**Exercise aim:** Produce exactly the lines from the one holding "El documento describe" through the last line of the data below, with every picture left out.

**Provided records:**
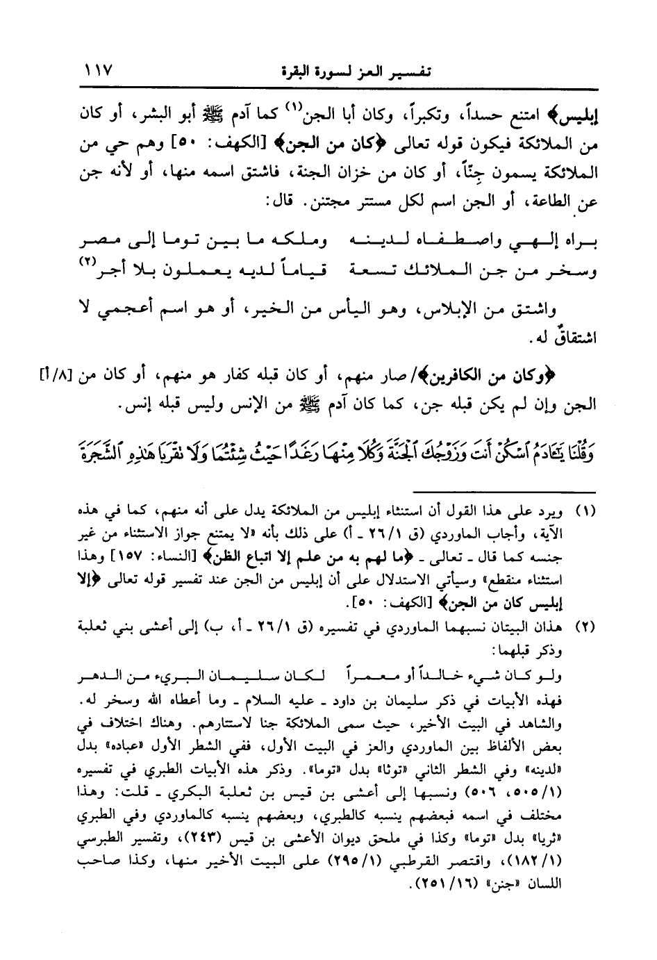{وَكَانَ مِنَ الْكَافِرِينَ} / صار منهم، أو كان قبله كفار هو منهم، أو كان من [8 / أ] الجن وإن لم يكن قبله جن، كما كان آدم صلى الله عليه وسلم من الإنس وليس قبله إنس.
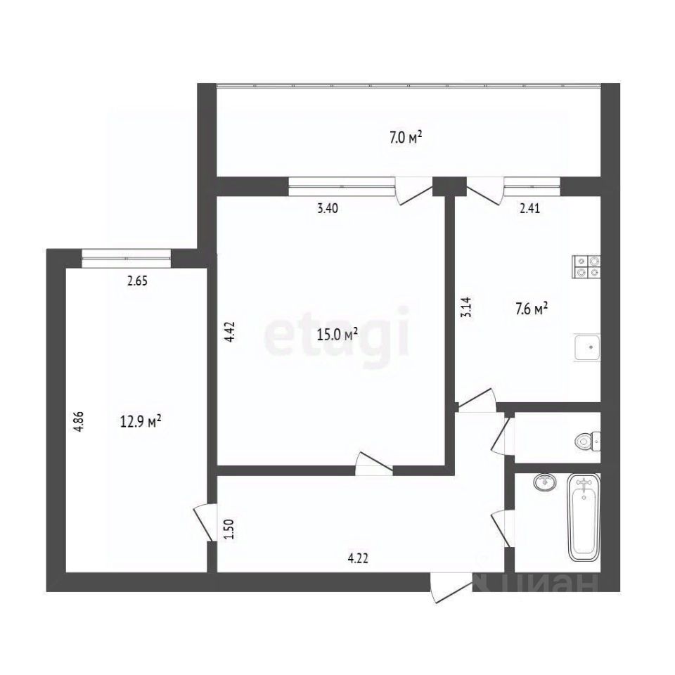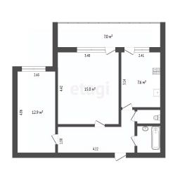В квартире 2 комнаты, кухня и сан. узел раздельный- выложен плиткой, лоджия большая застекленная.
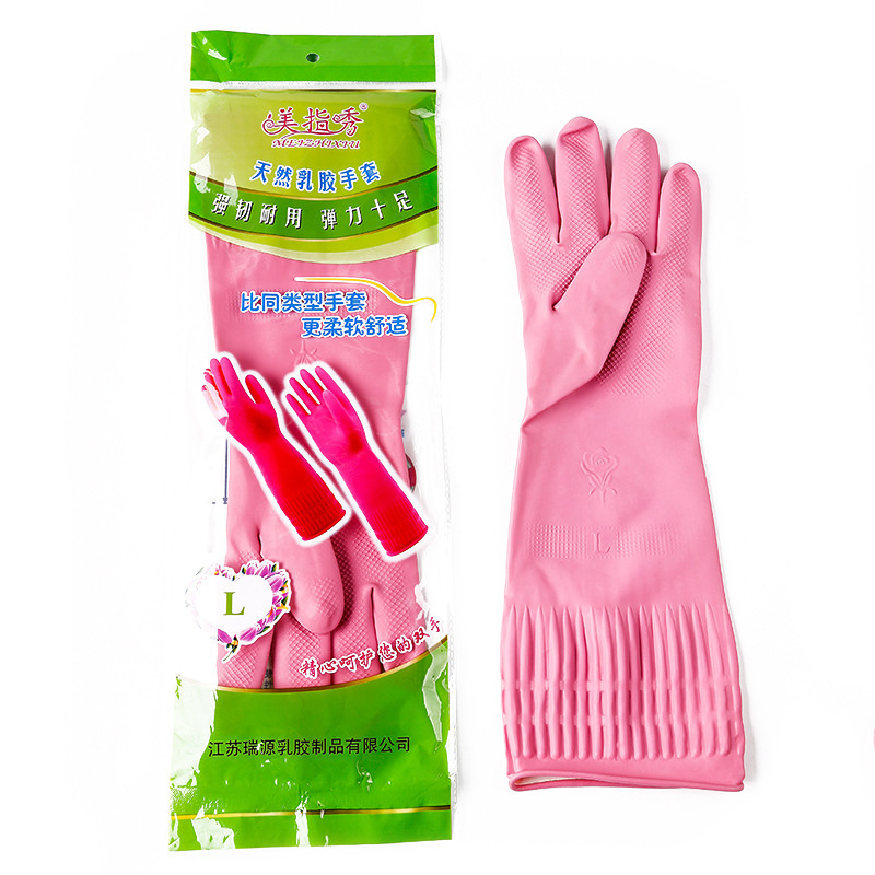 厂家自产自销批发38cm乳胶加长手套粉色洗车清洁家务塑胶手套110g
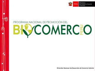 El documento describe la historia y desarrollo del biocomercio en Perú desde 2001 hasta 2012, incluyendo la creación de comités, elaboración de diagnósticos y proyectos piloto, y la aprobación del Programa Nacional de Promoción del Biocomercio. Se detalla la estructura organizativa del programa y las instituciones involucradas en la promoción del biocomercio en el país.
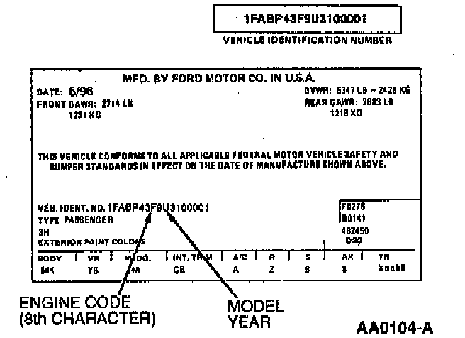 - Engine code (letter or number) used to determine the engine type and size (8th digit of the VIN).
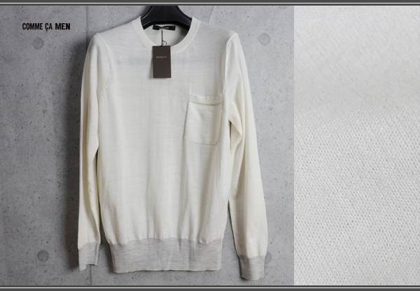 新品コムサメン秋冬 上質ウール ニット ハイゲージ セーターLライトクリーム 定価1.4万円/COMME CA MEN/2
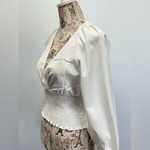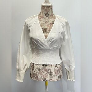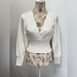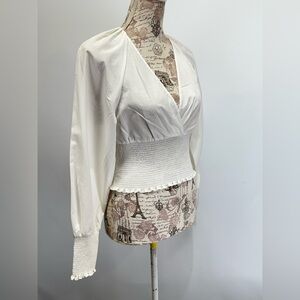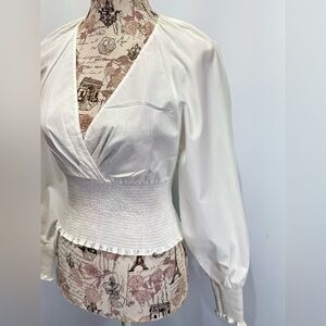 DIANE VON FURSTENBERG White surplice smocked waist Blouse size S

**Output of the exercise:**
 El documento describe la historia y desarrollo del biocomercio en Perú desde 2001 hasta 2012, incluyendo la creación de comités, elaboración de diagnósticos y proyectos piloto, y la aprobación del Programa Nacional de Promoción del Biocomercio. Se detalla la estructura organizativa del programa y las instituciones involucradas en la promoción del biocomercio en el país.
 - Engine code (letter or number) used to determine the engine type and size (8th digit of the VIN).
 新品コムサメン秋冬 上質ウール ニット ハイゲージ セーターLライトクリーム 定価1.4万円/COMME CA MEN/2
 DIANE VON FURSTENBERG White surplice smocked waist Blouse size S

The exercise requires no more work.